The current state of TV cooking competitions is like a buffet: there's ample variety, and more than enough to consume in one go, but stick around too long and your options all start to look the same.
Between "Cutthroat Kitchen," "Iron Chef," "Top Chef," "Master Chef," "Chopped" and their respective Canadian adaptations, there's no shortage of shows for food fanatics to fill up on. So, can viewers find enough room on their plate to stomach one more series?
That's what Anne-Marie Withenshaw, host of W Network's "Pressure Cooker," is hoping for.
"What makes this show stand out is the talent of the home cooks and the stakes. They're competing for the bragging rights as the night's best home cook and that's the title you have to fight for every night, 365 days a year, in your own home — whether you're a parent, a spouse, a roommate. If you cook, somebody's going to be judging your food."
In this case, that "somebody" is the U.K.'s Giles Coren (Million Dollar Critic), a food critic turned TV judge, rating dishes based on taste, presentation and creativity. In addition to a dash of British charm, the show has all the familiar ingredients of successful cooking shows to date: a race against a clock, home chefs battling for kitchen supremacy and the addition of last-minute ingredients.

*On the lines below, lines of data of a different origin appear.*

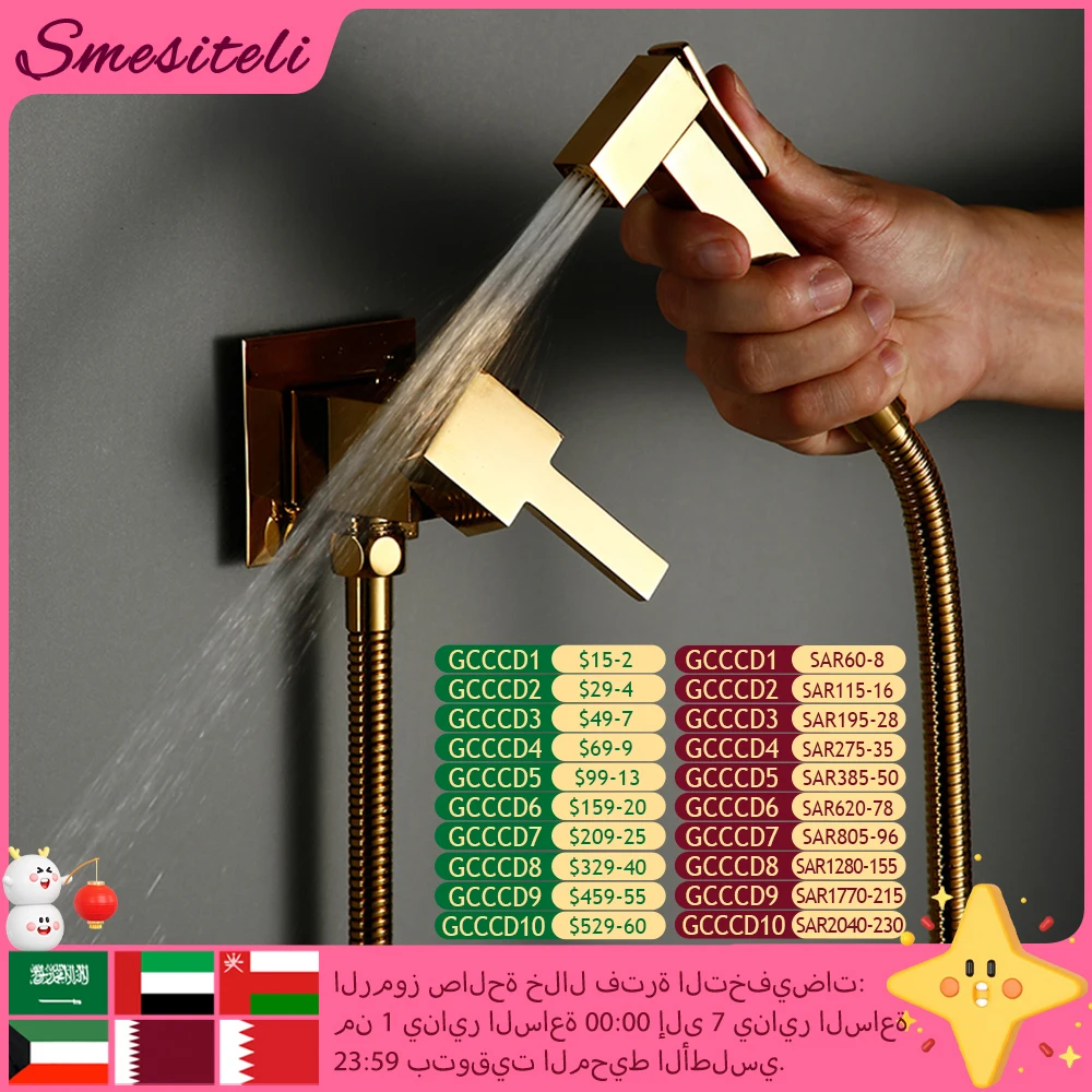 Conjunto de chuveiro de latão com descarga, bidê pressurizado, pulverizador de ouro escovado, banheiro, varanda, montado na parede, bidê portátil de auto-limpeza
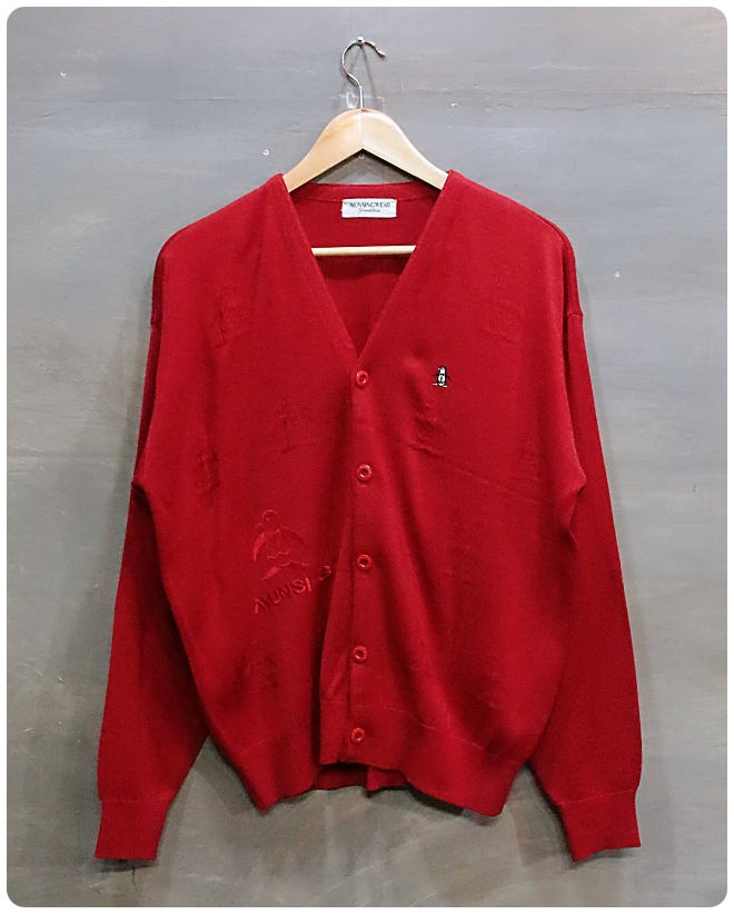 [F] 먼싱웨어 자수로고 패턴 코튼 니트 가디건
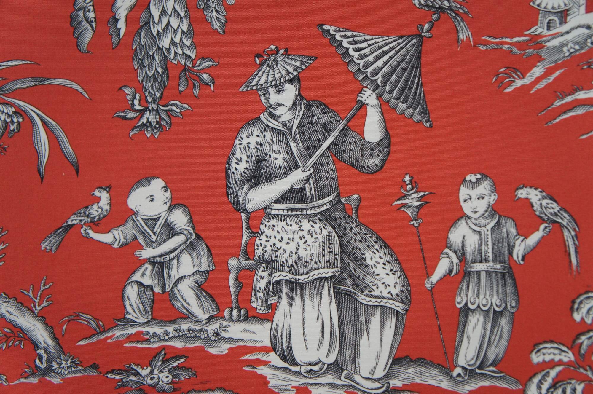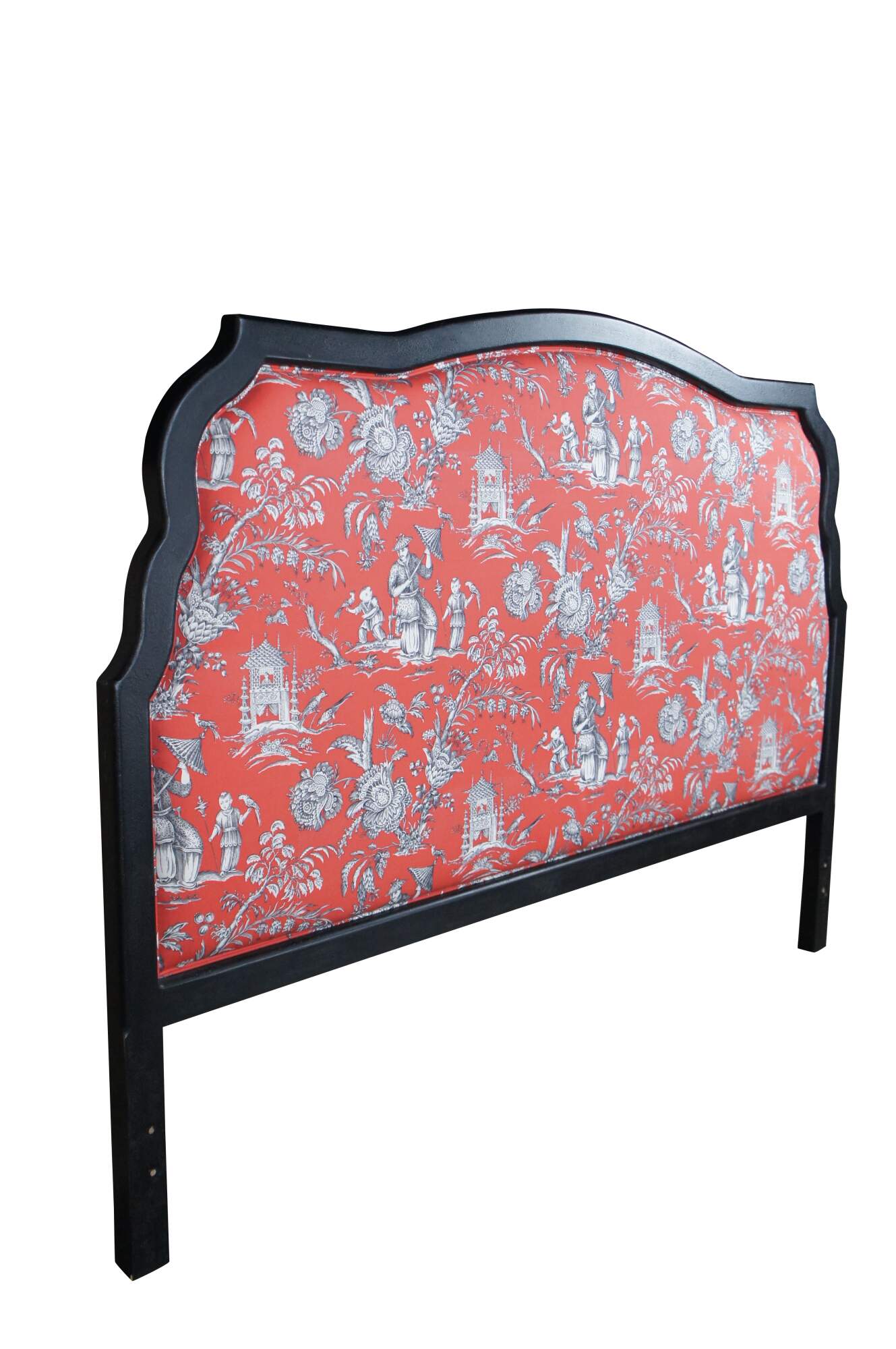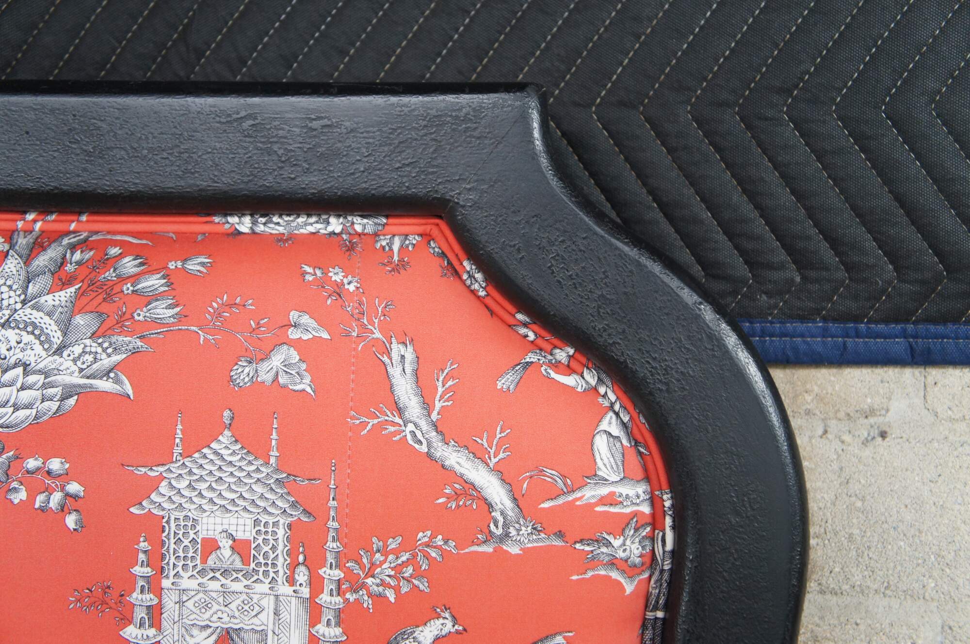 A beautifully ebonized bed frame with upholstered chinoiserie scene from the Amy Howard Collection. Features a nice shape with serpentine formed shoulders. The central scene showcases a red background covered by traditional Chinese / Japanese elements with Geishas, Pagodas, Figures, Pheasants and chrysanthemums. Labeled along the backside.
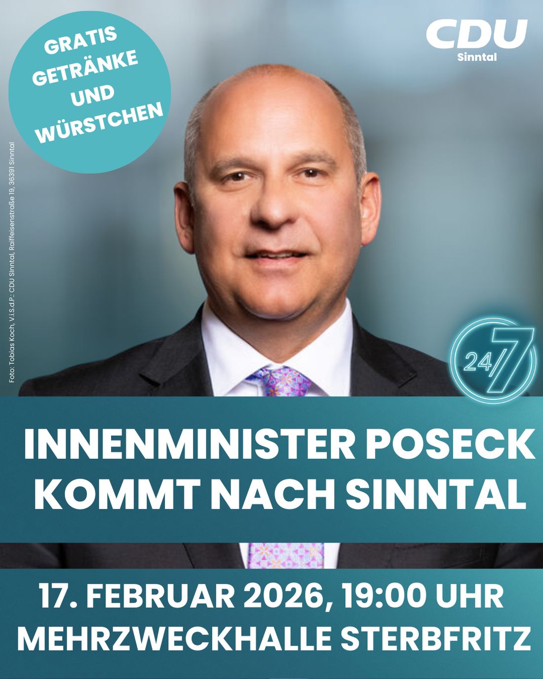 Am Dienstag, 17. Februar 2026, kommt der Hessische Minister des Innern, Prof. Dr. Roman Poseck, auf Einladung der CDU-Fraktion Sinntal um 19:00 Uhr in die Mehrzweckhalle Sterbfritz.
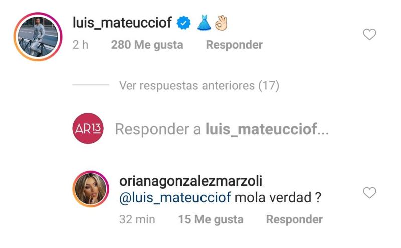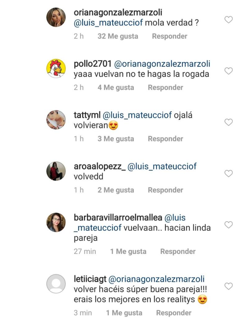 Aunque terminaron hace tiempo, Oriana Marzoli y Luis Mateucci siguen en contacto y en redes sociales suelen comentarse los posteos. Así lo hicieron este jueves, destaando una ola de comentarios de sus fans emocionados.

Each episode spans three rounds. The first two rounds pit home cooks against each other with the help of one celebrity chef contestants must share. But don't expect them to run the show. Chefs function like back-up, lending a helping hand with prep work or offering advice on what ingredients competitors should pick from a rolling conveyor belt each round. The winner of each cook-off advances and keeps their celebrity chef. Round 3 culminates with two pairs of chefs and home cooks duking it out for a year's supply of groceries.
It all sounds familiar on paper, but there's something uniquely Canadian that happens when you blend celebrities, competition and cooks: you create a sense of cooperation.
"You hardly see camaraderie on cooking competitions, you see the knives and the flames ... they're still competitive but there's a sense of camaraderie. We're not sticking these people under the microscope and saying 'you're playing for a job in a restaurant' and 'yes, chef' or 'no, chef' — it's like home," says Withenshaw.
So how does it all play out? Well, HuffPost Canada TV got a sample of what it's like on "Pressure Cooker" during a media challenge and brought a few cameras to record all the action. You can find out how things went down in the video above. (Most important fact: we won. That's right. We won.)
"Pressure Cooker" premieres Tuesday, Oct. 7 at 9:00 pm ET/PT on the W Network.